>>

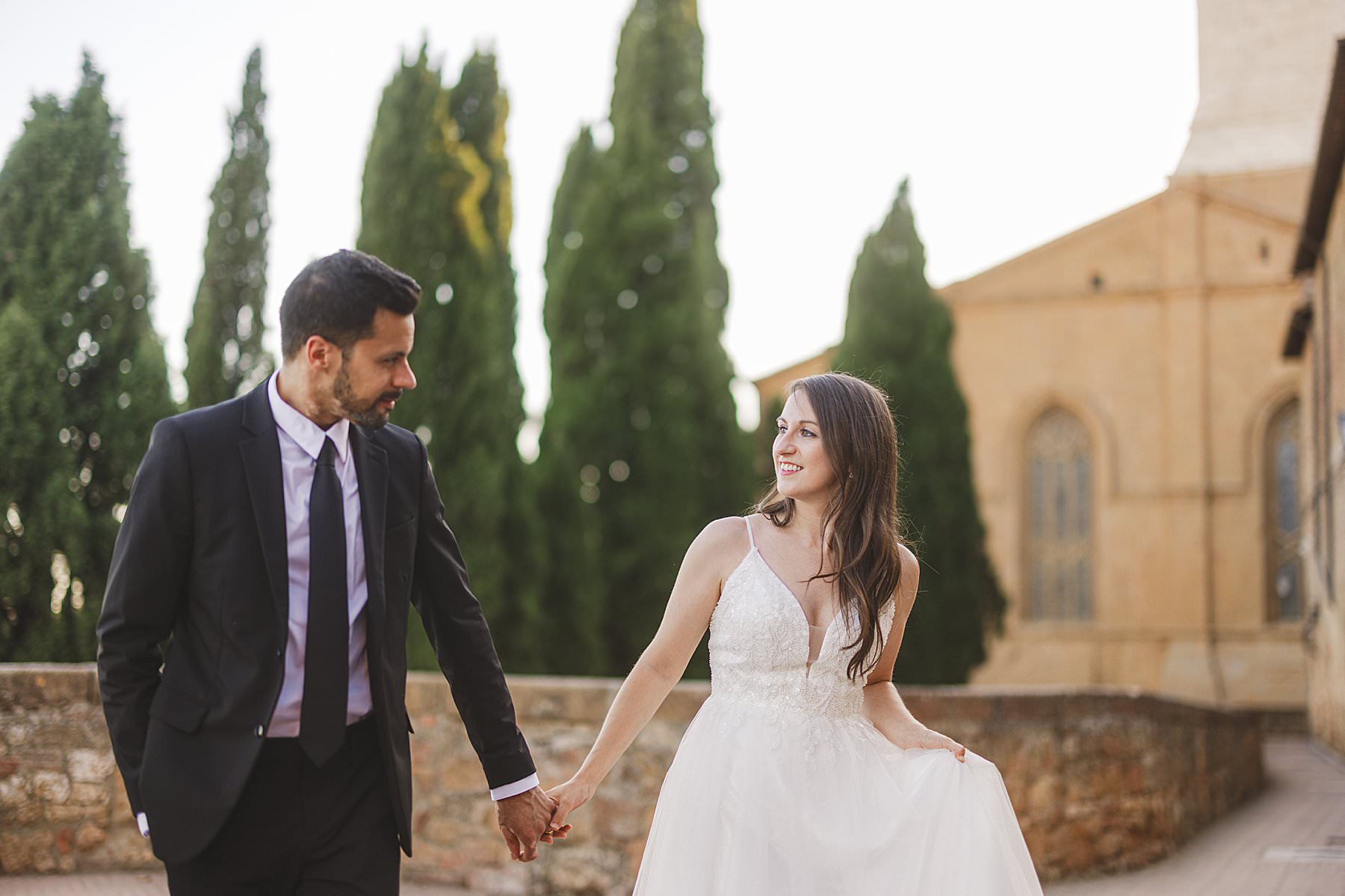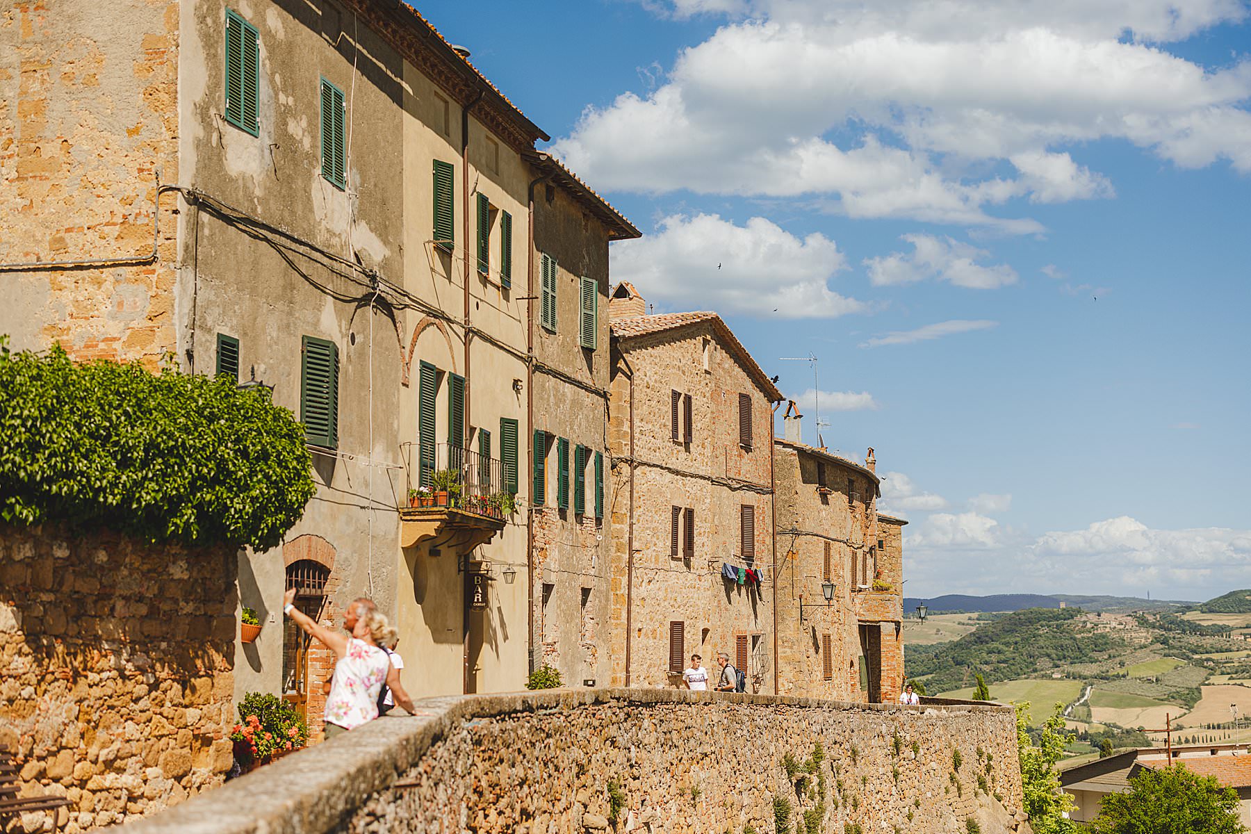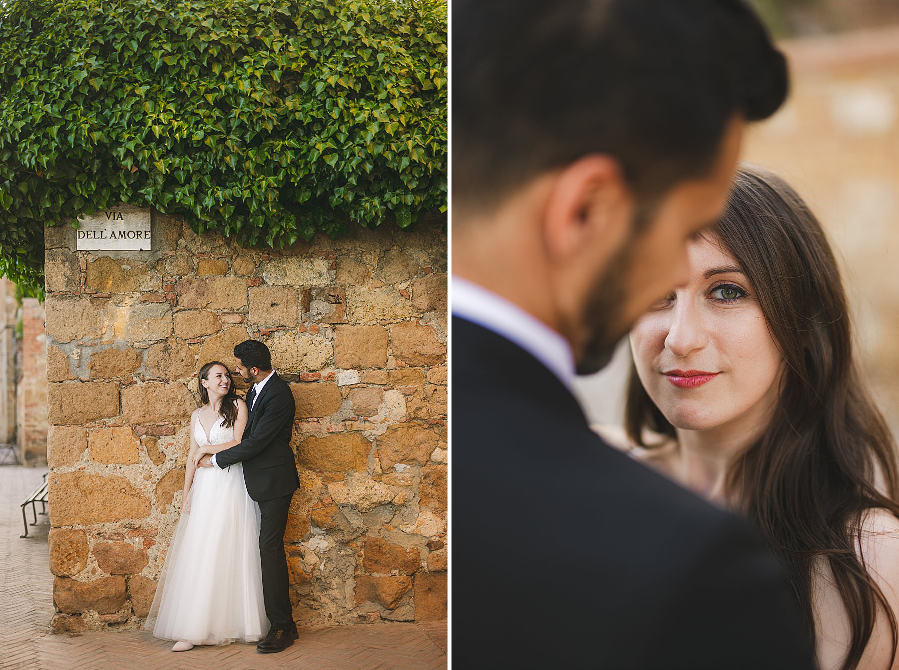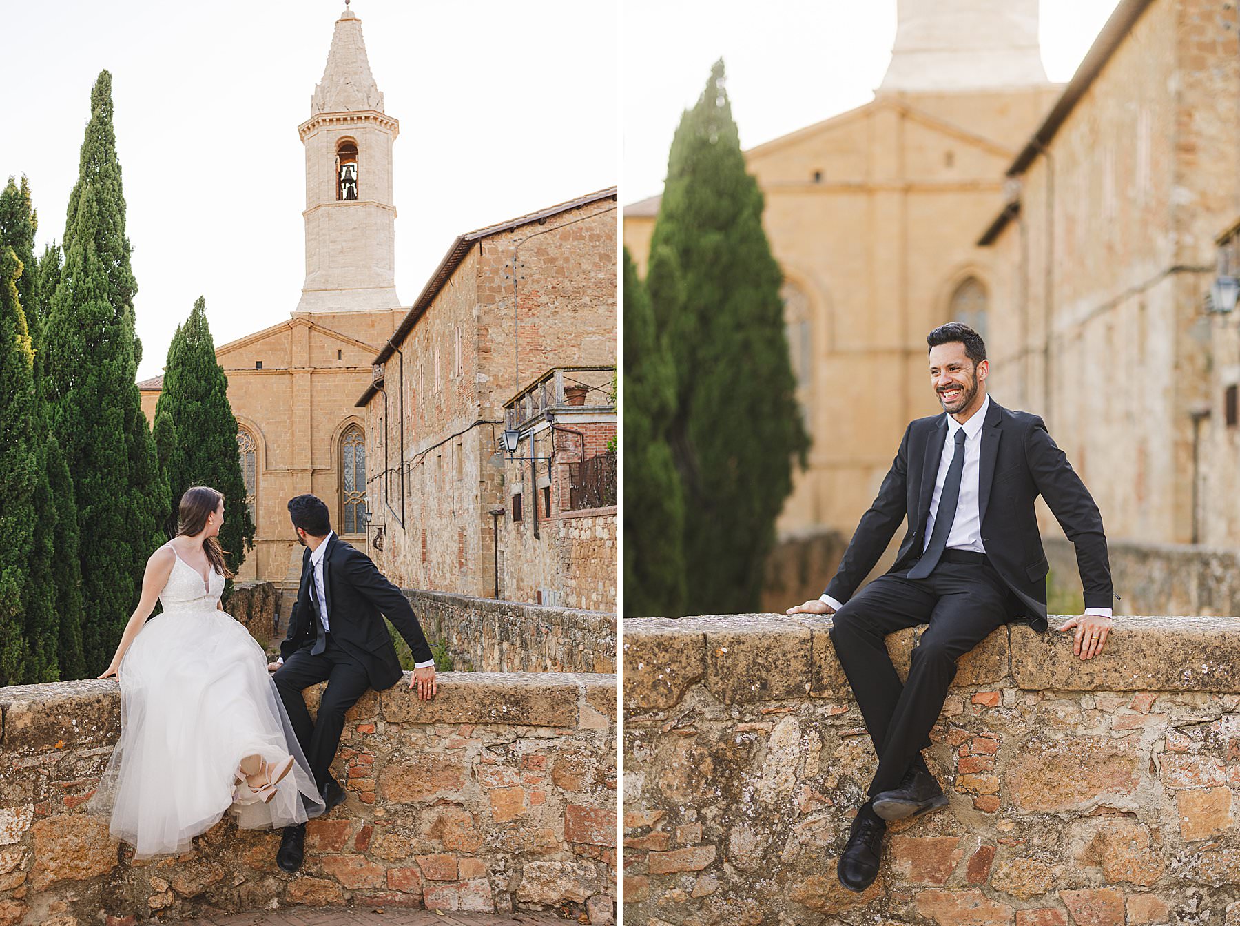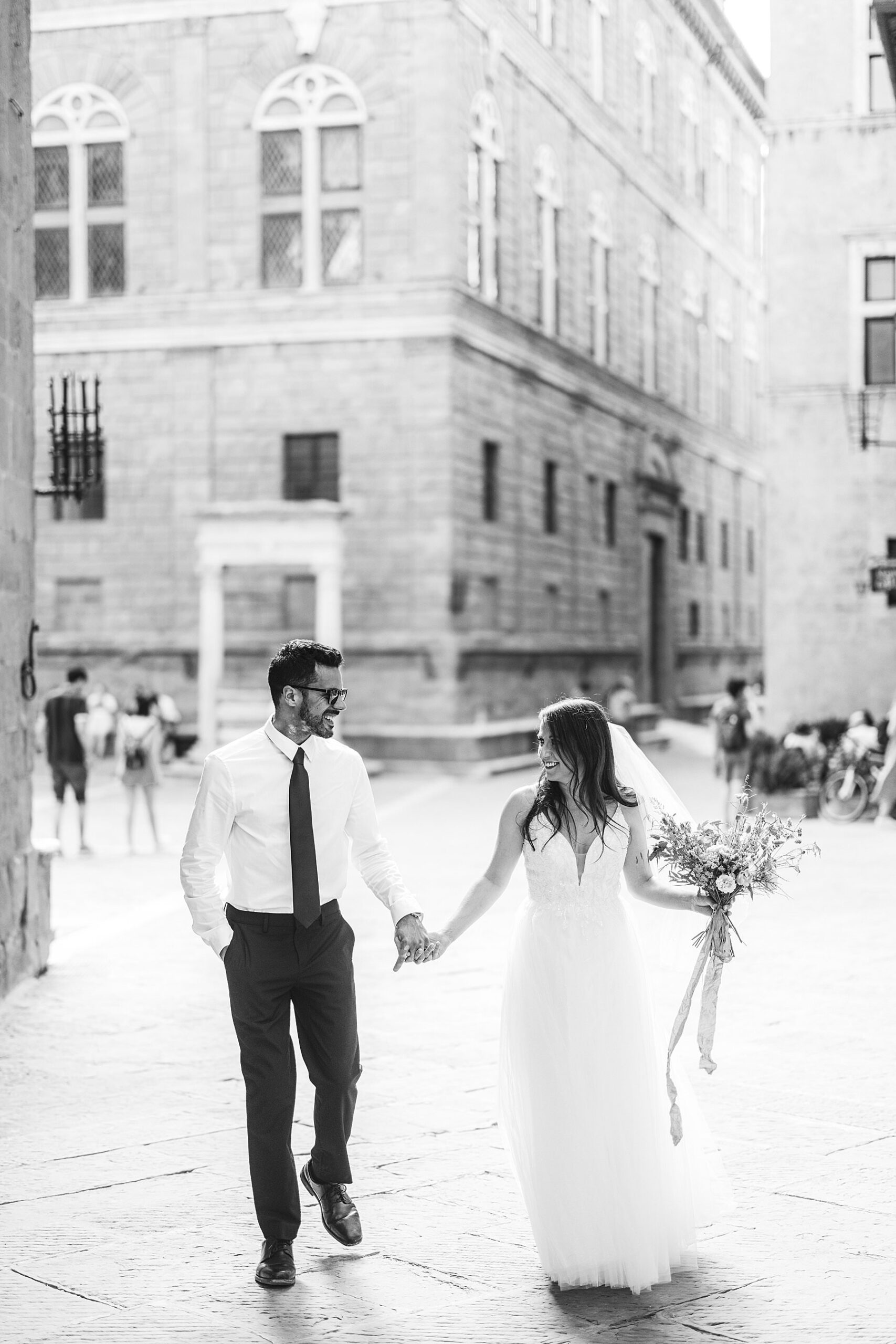 Exciting wedding photo in Pienza the heart of Val d’Orcia for intimate destination elopement. Photo by the Italian elegant wedding photographer in Tuscany based Florence Gabriele Fani
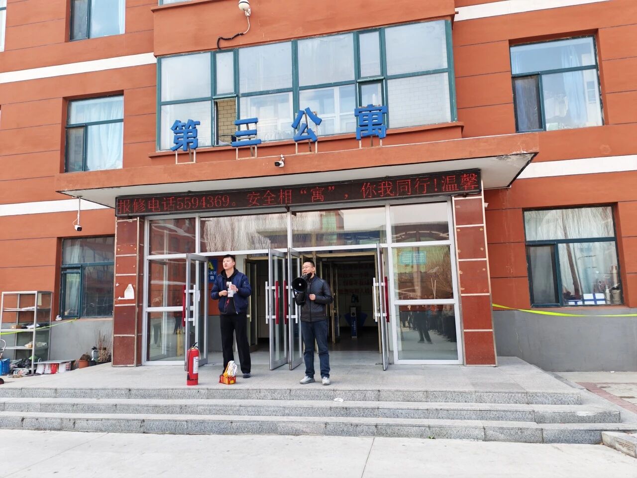 演练模拟学生公寓内突发火情场景。随着警报声响起,公寓管理人员立即启动应急疏散预案,引导学生用湿毛巾捂住口鼻,按照预定的疏散路线,低姿、快速、有序撤离。整个过程指令清晰、响应迅速、配合有序,全体参演学生在规定时间内安全撤离至指定集结区域,演练达到了预期效果。
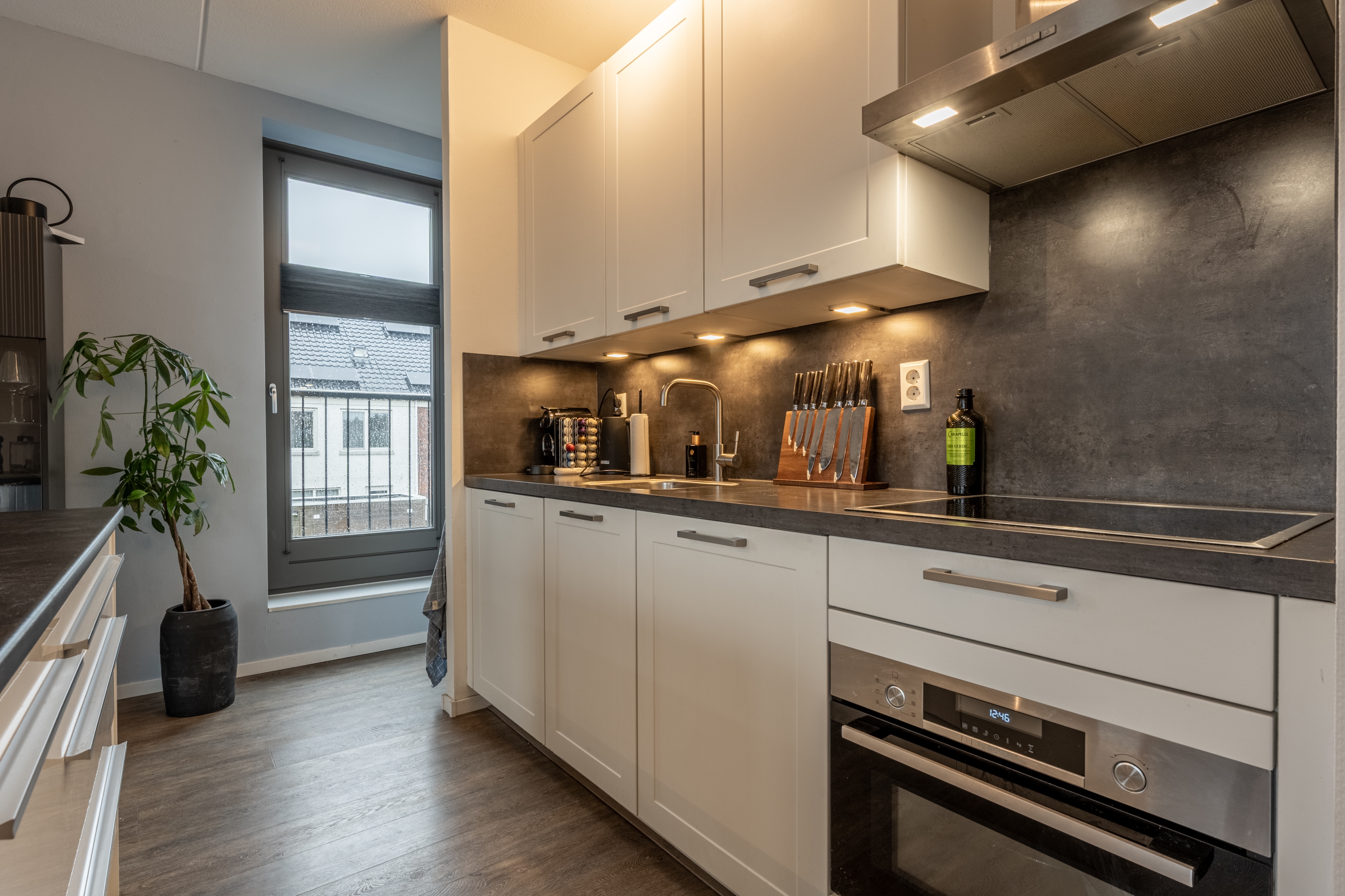 De open keuken met kookeiland is modern, overzichtelijk en voorzien van alle apparatuur die je nodig hebt: een inductiekookplaat, afzuigkap, koel-vriescombinatie en combimagnetron. Terwijl je kookt, kijk je fijn de woonkamer in; precies zo’n indeling die het wonen extra gezellig maakt. Naast de keuken bevindt zich bovendien een handige voorraadkast.
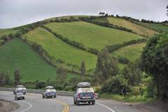 From Popayan we drive via Posta to the border close to Ipialu. The road is an on-going serpentine, right, left, right, spiced up with gravel and disappearing road parts and potholes of enormous sizes. Heavy Lorries and buses, mostly technical old-timers, create a constant line of cars behind them and we are waiting for the next chance to overtake without causing any accidents. But each time we passed such a line we have peace for a while.
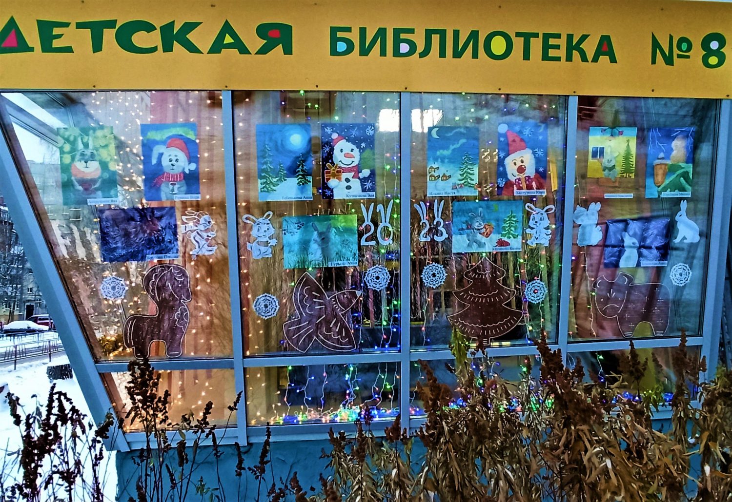 Традиционно окна библиотеки украшают рисунки детей, учащихся в «Студии живописи и художественного дизайна» МБУ ДО «СДДТ» на базе МБОУ СШ № 20.
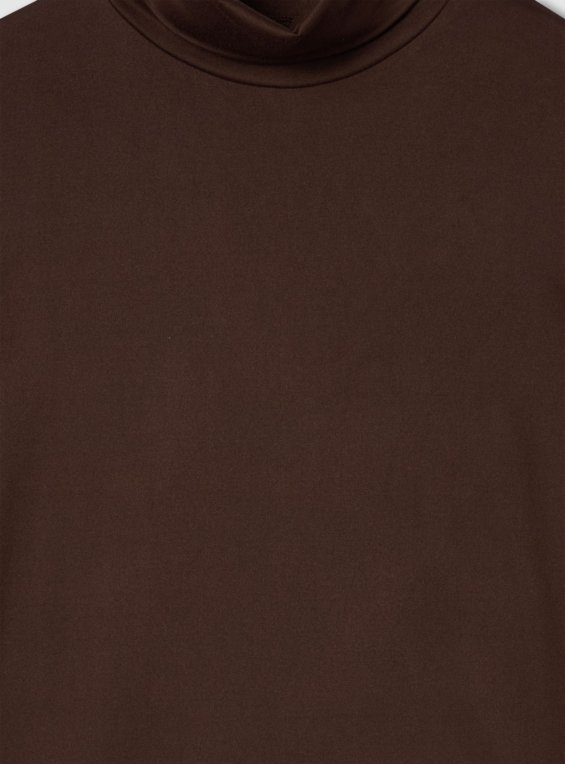 Женска блуза с дълъг ръкав и висока яка, основна и съществена. Тази блуза е идеалната дреха за тези, които търсят сдържан и универсален стил. Дизайнът в едноцветен цвят и прилепналата линия подчертават фигурата, без да се жертва комфорта, докато високата яка добавя изтънчен и съвременен акцент, перфектен за стилно справяне с по-хладните дни. Дългите ръкави и еластичният материал я правят удобна за носене при всякакви поводи, както сама, така и като първи слой под якета или кардигани. Перфектна за офиса, свободното време или минималистичен шик вид, тя е основна блуза, която винаги трябва да имате под ръка в гардероба.Детайли

<<

Exercise. What the answer must hold: all the data above, given again exactly, without pictures.

Reply.
 Exciting wedding photo in Pienza the heart of Val d’Orcia for intimate destination elopement. Photo by the Italian elegant wedding photographer in Tuscany based Florence Gabriele Fani
 演练模拟学生公寓内突发火情场景。随着警报声响起,公寓管理人员立即启动应急疏散预案,引导学生用湿毛巾捂住口鼻,按照预定的疏散路线,低姿、快速、有序撤离。整个过程指令清晰、响应迅速、配合有序,全体参演学生在规定时间内安全撤离至指定集结区域,演练达到了预期效果。
 De open keuken met kookeiland is modern, overzichtelijk en voorzien van alle apparatuur die je nodig hebt: een inductiekookplaat, afzuigkap, koel-vriescombinatie en combimagnetron. Terwijl je kookt, kijk je fijn de woonkamer in; precies zo’n indeling die het wonen extra gezellig maakt. Naast de keuken bevindt zich bovendien een handige voorraadkast.
 From Popayan we drive via Posta to the border close to Ipialu. The road is an on-going serpentine, right, left, right, spiced up with gravel and disappearing road parts and potholes of enormous sizes. Heavy Lorries and buses, mostly technical old-timers, create a constant line of cars behind them and we are waiting for the next chance to overtake without causing any accidents. But each time we passed such a line we have peace for a while.
 Традиционно окна библиотеки украшают рисунки детей, учащихся в «Студии живописи и художественного дизайна» МБУ ДО «СДДТ» на базе МБОУ СШ № 20.
 Женска блуза с дълъг ръкав и висока яка, основна и съществена. Тази блуза е идеалната дреха за тези, които търсят сдържан и универсален стил. Дизайнът в едноцветен цвят и прилепналата линия подчертават фигурата, без да се жертва комфорта, докато високата яка добавя изтънчен и съвременен акцент, перфектен за стилно справяне с по-хладните дни. Дългите ръкави и еластичният материал я правят удобна за носене при всякакви поводи, както сама, така и като първи слой под якета или кардигани. Перфектна за офиса, свободното време или минималистичен шик вид, тя е основна блуза, която винаги трябва да имате под ръка в гардероба.Детайли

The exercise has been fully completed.